Compelling evidence suggests that human cognitive function is strongly influenced by genetics. Here, we conduct a large-scale exome study to examine whether rare protein-coding variants impact cognitive function in the adult population (n = 485,930). We identify eight genes (ADGRB2, KDM5B, GIGYF1, ANKRD12, SLC8A1, RC3H2, CACNA1A and BCAS3) that are associated with adult cognitive function through rare coding variants with large effects. Rare genetic architecture for cognitive function partially overlaps with that of neurodevelopmental disorders. In the case of KDM5B we show how the genetic dosage of one of these genes may determine the variability of cognitive, behavioral and molecular traits in mice and humans. We further provide evidence that rare and common variants overlap in association signals and contribute additively to cognitive function. Our study introduces the relevance of rare coding variants for cognitive function and unveils high-impact monogenic contributions to how cognitive function is distributed in the normal adult population.
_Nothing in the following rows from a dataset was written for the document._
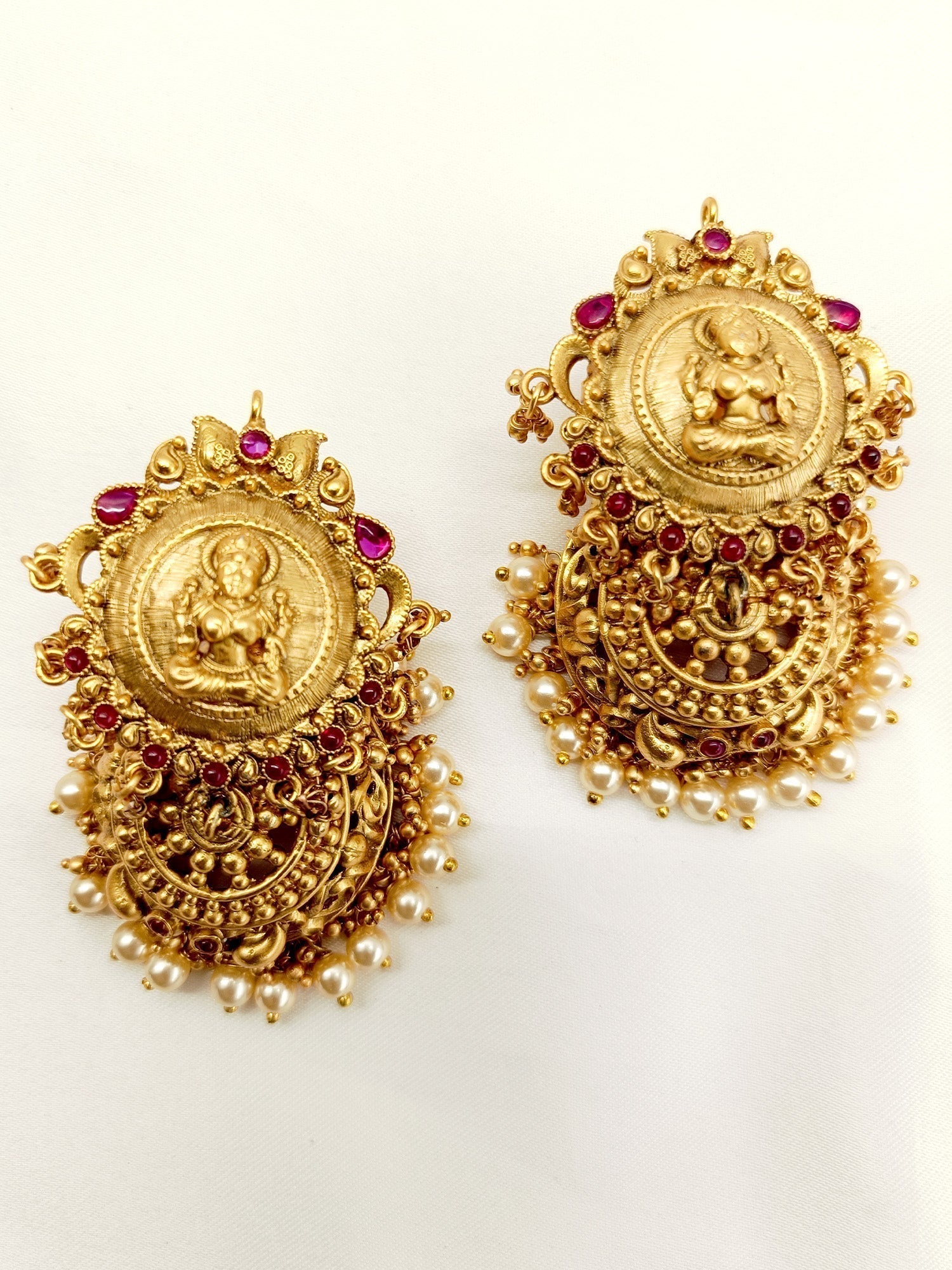 Transform your style and embrace the power of tradition with the Simrat Ruby Temple Antique Jhumki. Let these earrings be a reflection of your inner strength and elegance, making every moment memorable and special.
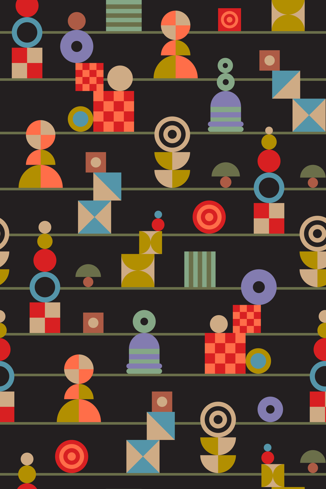 Stacking Retro Geometric Shapes Stripes Multicolored Charcoal
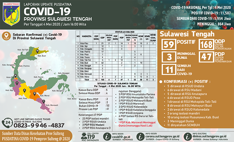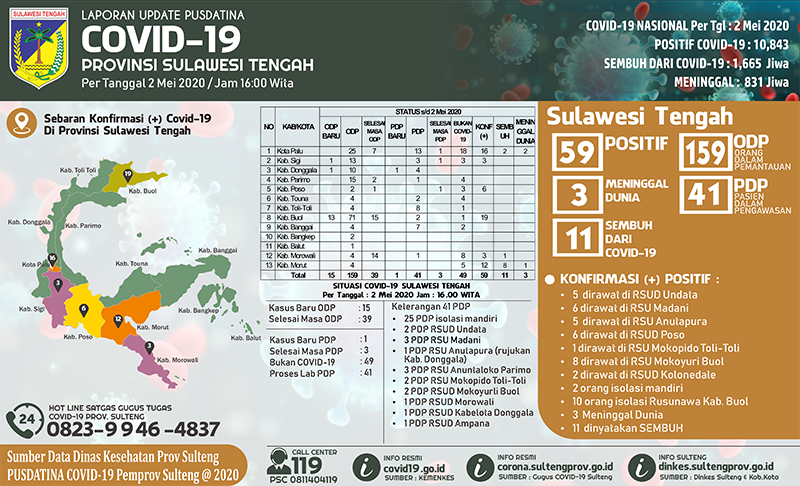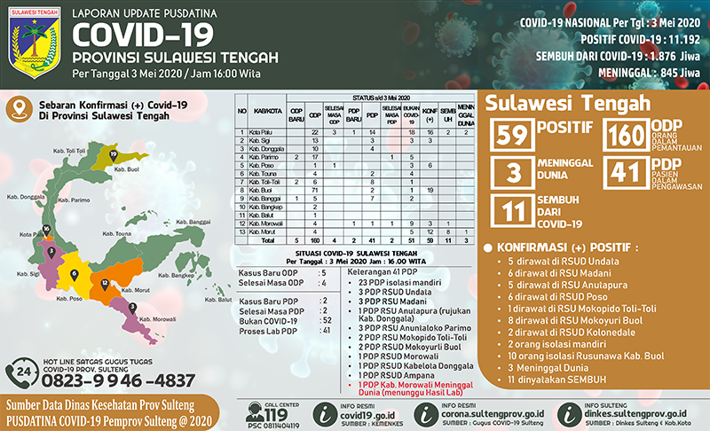 Merujuk pada data pusdatina yang di rilis hari ini Minggu, (3/5/2020) pukul 16.00 Wita, Kabupaten Buol masih memimpin dengan jumlah terbanyak, yakni 19 kasus, Kota Palu 16 kasus, disusul Kabupaten Morowali Utara 12 kasus, Kabupaten Poso 6 kasus, Kabupaten Sigi 3 kasus dan Kabupaten Morowali 3 kasus.
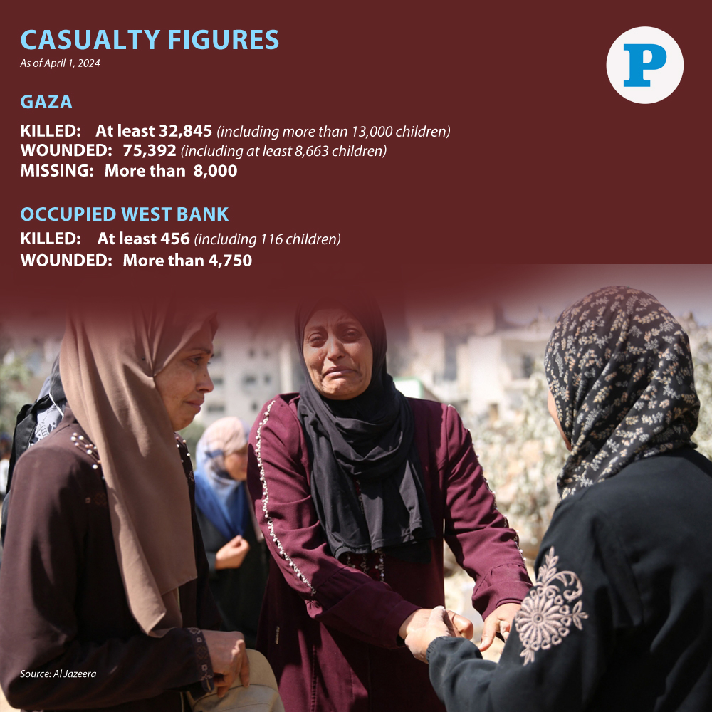 Gaza: The Ministry of Health in Gaza announced on Monday that the death toll from the ongoing Israeli aggression on the Gaza Strip since October 7 has risen to 32,845 martyrs and 75,392 wounded, while thousands are still missing under the rubble and on the roads as occupation forces prevent ambulance teams from reaching them.
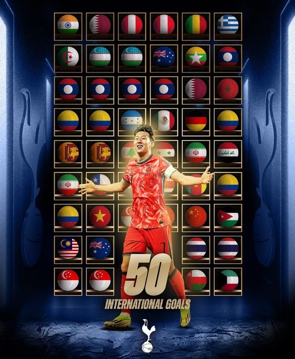 손흥민은 지난 14일(한국 시각) 쿠웨이트와의 '2026 FIFA 북중미 월드컵 아시아 예선 B조 5차전'에서 페널티킥 골을 넣으며 자신의 A매치 50호 골을 달성했다. 이에 토트넘은 공식 SNS에 손흥민의 A매치 50호 골을 축하했다.
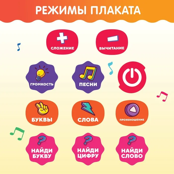 - Буквы, цифры, песни и развивающие игры. Плакат растёт вместе с ребёнком — от первых слов до подготовки к школе.
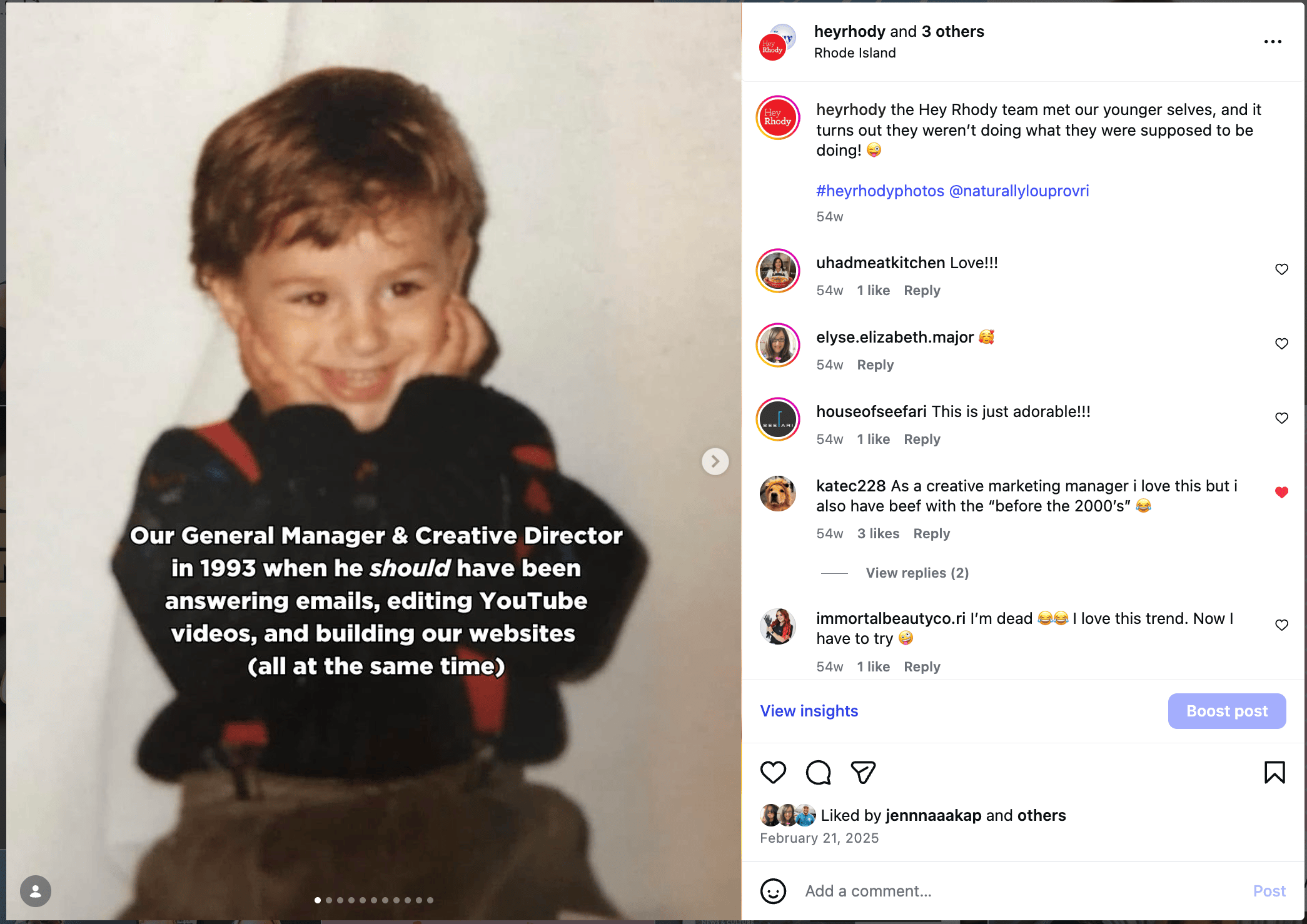 Why it works: Nostalgia stops the scroll. It humanizes your business, sparks conversation, and reminds followers there are real people behind the brand—who were once very small humans.
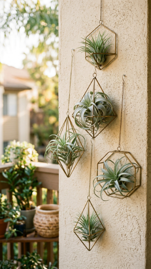 Air plant geometric frames hung as a wall gallery are one of the most modern and artistic of all the simple DIY hanging plant ideas for balcony walls — and they’re insanely lightweight, which makes them ideal for balconies with strict weight restrictions.
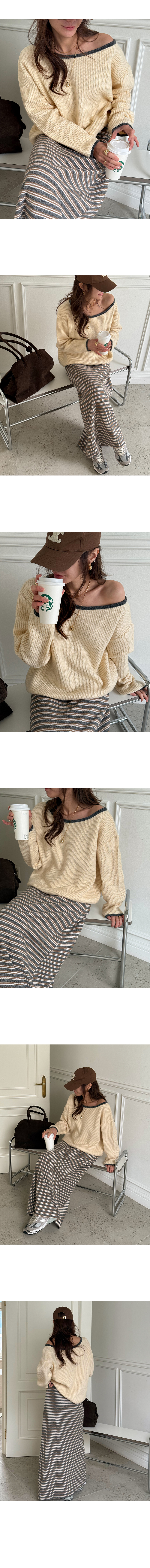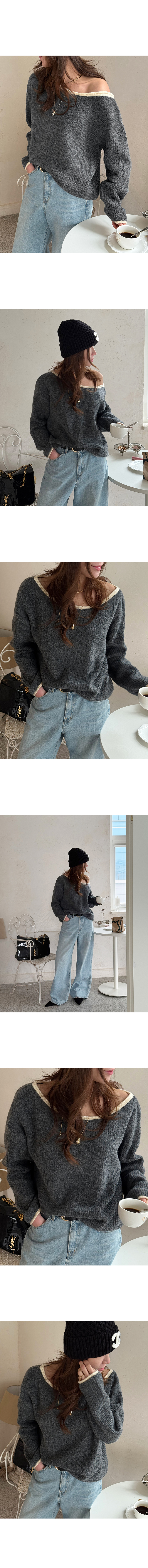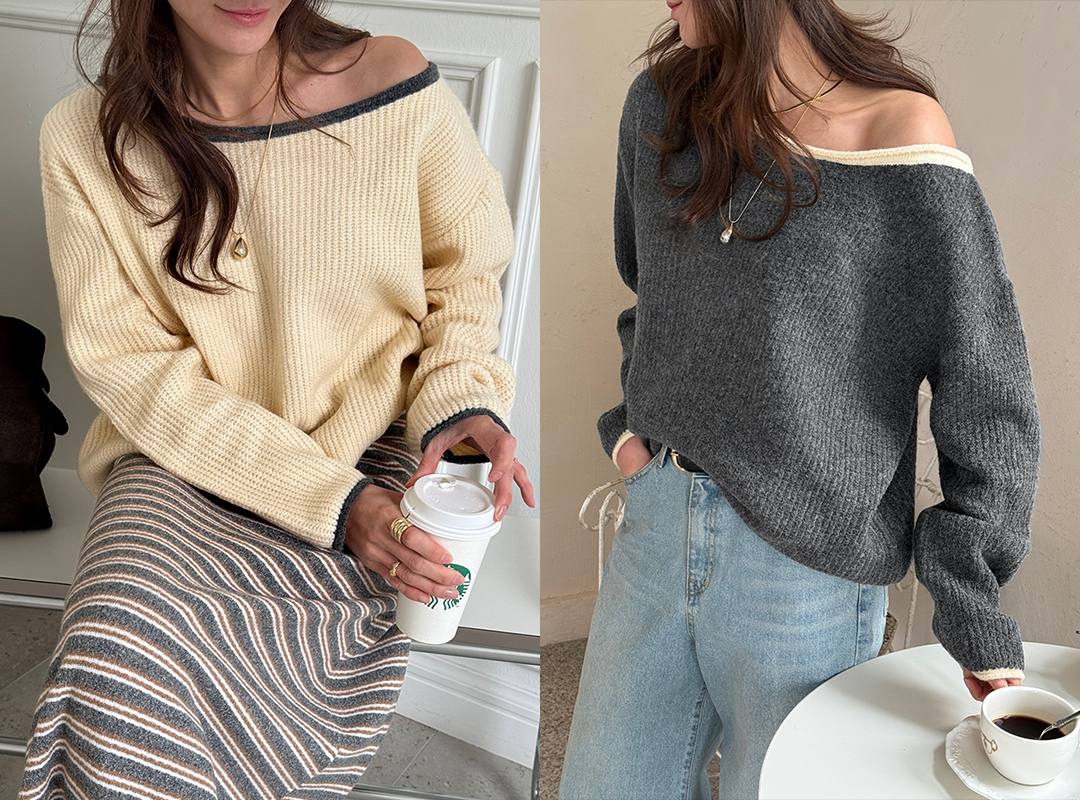 테콘우 배색오프숄더니트

令人信服的证据表明，人类的认知功能受到遗传学的强烈影响。在这里，我们进行了一项大规模的外显子组研究，以检查罕见的蛋白质编码变异是否影响成年人群的认知功能（n  = 485,930）。我们确定了八个基因（ADGRB2、KDM5B、GIGYF1、ANKRD12、SLC8A1、RC3H2、CACNA1A和BCAS3），它们通过具有重大影响的罕见编码变异与成人认知功能相关。认知功能的罕见遗传结构与神经发育障碍的部分重叠。KDM5B的情况我们展示了这些基因之一的遗传剂量如何决定小鼠和人类认知、行为和分子特征的变异性。我们进一步提供证据表明，罕见和常见的变异在关联信号中重叠，并对认知功能有附加贡献。我们的研究介绍了罕见编码变异与认知功能的相关性，并揭示了对认知功能如何在正常成年人群中分布的高影响单基因贡献。